What tests can be performed?

Tissue biopsy it is necessary to confirm a diagnosis of lymphomatoid granulomatosis. The results of other laboratory tests tend to be nonspecific.

What are the characteristics histopathological recommendations?

Biopsy findings in lymphomatoid granulomatosis include a classic triad of features.

  1. Mixed lymphoid infiltrate
  2. Lymphocytes infiltrated through the walls of arteries and veins
  3. Focal areas of necrosis (cell death).

Special stains (immunohistochemistry) show a large number of reactive T cells with a variable number of evil one B cells histological the rating is 1-3 (from lowest to highest). Grade 1 only has a small number of EBV-positive B cells. Grade 2 has an increasing number of large EBV-positive B cells. Grade 3 is more like conventional forms of diffuse large B-cell lymphoma.

What are the associated immunodeficiency states?

Lymphomatoid granulomatosis occurs against the background of a malfunctioning immune system, for example:

  • Organ transplant
  • Wiskott-Aldrich syndrome
  • Human immunodeficiency virus (HIV) infection
  • X-linked lymphoproliferative syndrome
  • Common variable immunodeficiency syndrome
  • Other reduced immune surveillance disorders.
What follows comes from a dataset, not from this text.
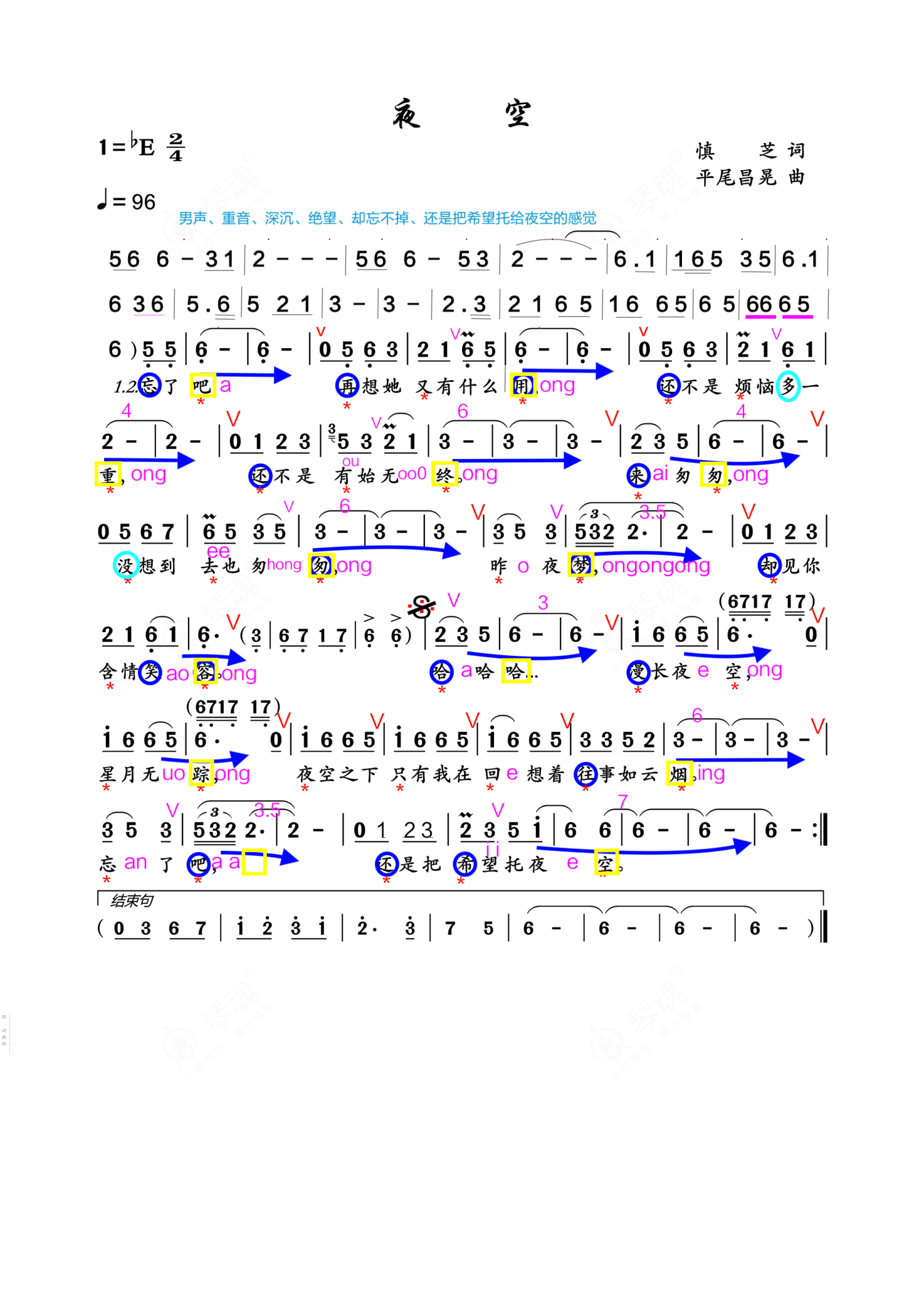 《夜空》是dafeng演唱的一首歌曲,拍号为2/4拍,这份简谱共有一张高清图谱,图谱由 @琴魂用户_211792 编配上传。

What are the treatment options?

The ideal treatment for lymphomatoid granulomatosis is unknown. Treatments that have been reported as successful in at least some patients include:

  • Systemic steroids plus cyclophosphamide
  • Interferon alfa 2b
  • Combination chemotherapy with CHOP (cyclophosphamide, doxorubicin, vincristine and prednisone)
  • Anti-CD20 monoclonal antibodies (rituximab)
  • Monoclonal anti-CD20 + CHOP antibodies
  • Autologous hematopoietic stem cell transplant after high doses of chemotherapy.

Which is the forecast with lymphomatoid granulomatosis?

Spontaneous recovery occurs in approximately 20% of patients with low-grade disease (grade 1). Others have progressive disease. The reported 5-year mortality rates have been between 38% and 88%. Median survival is between 14 and 72 months. The prognosis is worse with grade 2 and 3 disease and if there is neurological involvement.